I’ve been thinking a lot about purpose lately. Being a stay-at-home mum is so much different than I anticipated, but not in any way I could describe. It consumes me. However, it also… leaves me feeling inadequate. There is always more to be offered. There is always more to be done. I generally always neglect housework in favour of eden. But there other days where I’m not certain that is actually in his best interests. The responsibility of bringing up a person – helping to develop the very foundation of his nature & character – is a very heavy one. I guess it is always said that with great privilege comes great responsibility….

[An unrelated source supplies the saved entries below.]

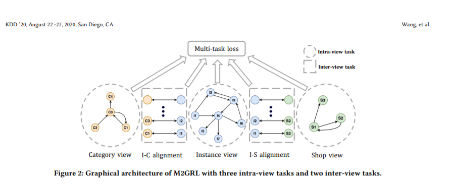 将图表示学习与多视图数据(边信息)相结合进行推荐是行业发展的趋势。现有的方法大多可以归类为多视图表示融合;他们首先构建一个图,然后将多视图数据集成到图中每个节点的一个紧凑表示中。然而,这些方法在工程和算法方面都引起了关注:1)多视图数据在工业中是丰富的,信息量大,可能超过单个向量的容量,2)由于多视图数据往往来自不同的分布,可能会引入归纳偏差。在本文中,我们使用一种多视图表示对齐方法来解决这个问题。特别地,我们提出了一个多任务多视图图表示学习框架(M2GRL)来学习网络规模推荐系统的多视图图的节点表示。M2GRL为每个单视图数据构造一个图,从多个图中学习多个单独的表示,并对跨视图关系进行对齐。M2GRL选择多任务学习范式,共同学习视图内表示和跨视图关系。此外,M2GRL利用同方差不确定性自适应调整训练任务的权重损失。我们在淘宝上部署了M2GRL,并在570亿个例子上训练它。根据离线指标和在线A/B测试,M2GRL的性能显著优于其他最先进的算法。淘宝多样性推荐的进一步探索表明了利用所产生的多种表示的有效性,我们认为这对于不同焦点的行业推荐任务是一个很有前景的方向。
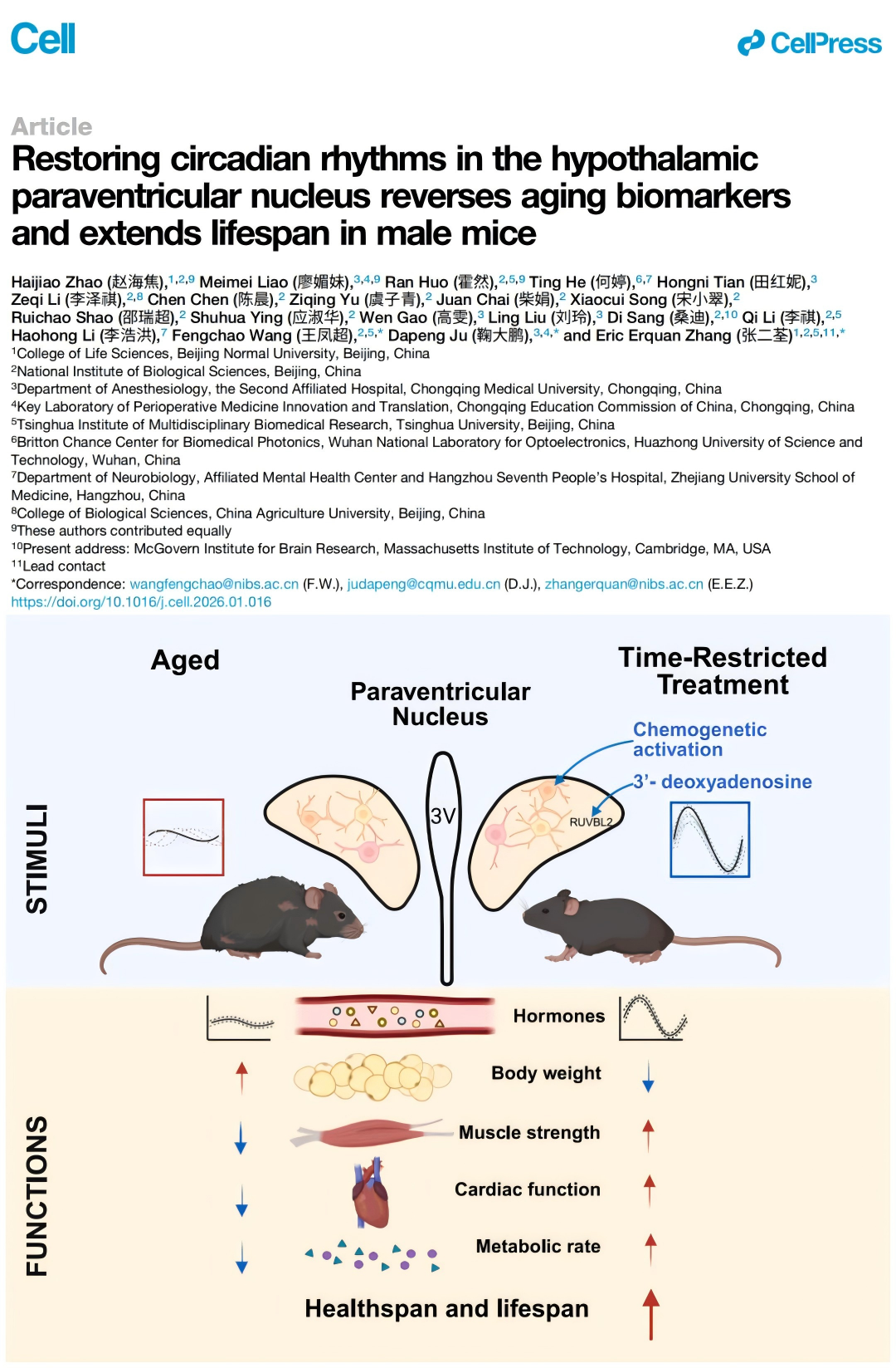 2026年3月北京师范大学/北京生命科学研究所、重庆医科大学附属第二医院、北京生命科学研究所,在国际顶刊《Cell》上发表了题为“Restoring circadian rhythms in the hypothalamic paraventricular nucleus reverses aging biomarkers and extends lifespan in male mice”的研究论文。
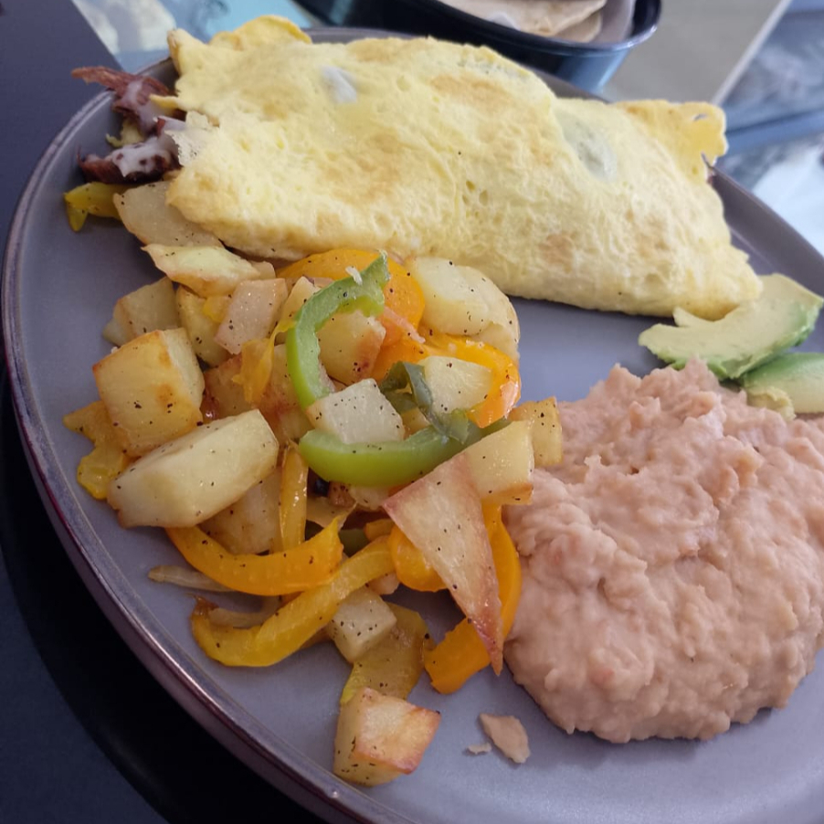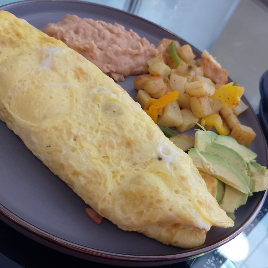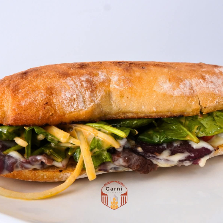 Filete, cebolla, tocino, queso blanco, aderezo de mostaza y horseradish, tomate, aguacate machacado con menta, arúgula, brotes de alfalfa o betabel o brócoli. Pan: pan de cebolla.
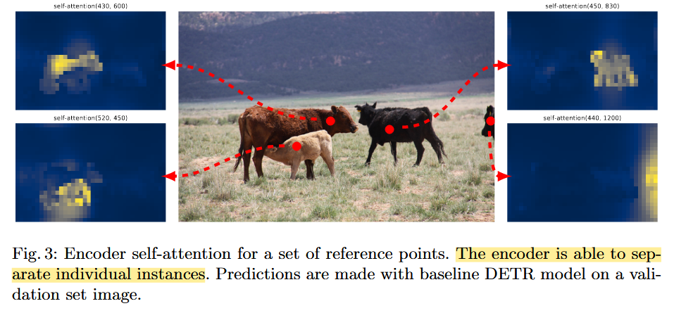 - 只关注encoder最后一层,关注几个点的位置,可见encoder似乎已经可以区分出不同的instances

But I am now somewhat living the life I was most afraid of when I was younger – a housewife, a mother, ordinary and insignificant. Don’t take from this that I’m feeling insignificant, because I’m not. I was just so terribly afraid of ordinary. And I have now lived in this city longer than I’ve ever lived in one city. And I really want to own a house. And a mini-van (people carrier).
But that’s not all I want. I still want to do bold things. I still want adventures – just ones that don’t cost the earth to my family. It’s just traveling isn’t necessarily the only adventure. I’ve been there, done that. In 2003 I was in something like 16 different countries. I know what it’s like to pitch a tent in a new city every night or two (or get bored of that and just sleep under the stars). It was pretty lonely as well as amazing. Now I want to change lives. I want to breathe meaning into lives. I really want to foster, even though I do not know if I’m strong enough. I really want to work in the care system. I want to help people find beauty. I want to help children see their own potential. I want to help adults remember theirs. I want to have a big house that is home to more than my family. I want to feed people (not necessarily the homeless). Their stomachs and their souls. I want to have true friends. People who *know* me.

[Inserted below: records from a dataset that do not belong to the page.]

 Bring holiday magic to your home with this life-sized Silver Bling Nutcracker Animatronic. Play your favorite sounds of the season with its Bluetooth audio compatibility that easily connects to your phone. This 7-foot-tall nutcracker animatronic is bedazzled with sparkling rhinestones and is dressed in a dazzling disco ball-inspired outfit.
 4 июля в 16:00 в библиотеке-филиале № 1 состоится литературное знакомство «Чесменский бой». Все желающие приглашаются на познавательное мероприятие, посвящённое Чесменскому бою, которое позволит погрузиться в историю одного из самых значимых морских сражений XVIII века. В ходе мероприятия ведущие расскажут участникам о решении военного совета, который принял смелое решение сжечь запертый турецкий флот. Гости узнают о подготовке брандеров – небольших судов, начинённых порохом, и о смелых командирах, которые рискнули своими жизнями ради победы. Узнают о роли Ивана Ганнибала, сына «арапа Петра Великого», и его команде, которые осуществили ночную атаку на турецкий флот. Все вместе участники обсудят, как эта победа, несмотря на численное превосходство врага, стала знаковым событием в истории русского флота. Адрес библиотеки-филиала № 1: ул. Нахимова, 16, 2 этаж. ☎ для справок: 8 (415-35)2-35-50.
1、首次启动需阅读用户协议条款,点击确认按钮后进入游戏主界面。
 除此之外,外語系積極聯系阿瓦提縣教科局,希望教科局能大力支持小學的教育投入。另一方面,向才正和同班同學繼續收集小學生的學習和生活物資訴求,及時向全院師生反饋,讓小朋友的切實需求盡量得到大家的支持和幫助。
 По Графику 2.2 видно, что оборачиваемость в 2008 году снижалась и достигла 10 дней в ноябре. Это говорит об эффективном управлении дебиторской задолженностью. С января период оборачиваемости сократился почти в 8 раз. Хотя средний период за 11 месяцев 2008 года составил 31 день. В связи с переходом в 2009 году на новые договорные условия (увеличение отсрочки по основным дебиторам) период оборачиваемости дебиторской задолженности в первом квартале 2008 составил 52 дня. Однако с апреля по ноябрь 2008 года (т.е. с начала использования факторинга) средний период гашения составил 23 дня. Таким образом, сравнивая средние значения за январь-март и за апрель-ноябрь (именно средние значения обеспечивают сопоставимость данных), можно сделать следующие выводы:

I’ve been married for 4 years today. That’s as long as I lived at SSU. I never thought about life past ssu. I definitely didn’t think I would marry someone who hadn’t experienced that. But I did. And I think I fell in love with him the first time we truly talked – a long time before we got together. I don’t even remember what he was talking about (I’m sure it was something to do with pirates) but suddenly we were communicating on a level I had long since forgotten (nothing to do with love, he was in a relationship at the time and i didn’t think i was interested). And here we are. One dictator later.
We’ve had big dreams since we got together. Spain. Costa Rica. Canada. Schools. Trips. Adventures. None of them are real right now, but we haven’t forgotten. Turns out being responsible means you sometimes have to take the long way round.
It’s hard to remember that. It’s hard to remember that just because it takes a long time, it doesn’t mean you are not going to do it. We’re still chasing our dreams. Who knows what they’ll look like in the end.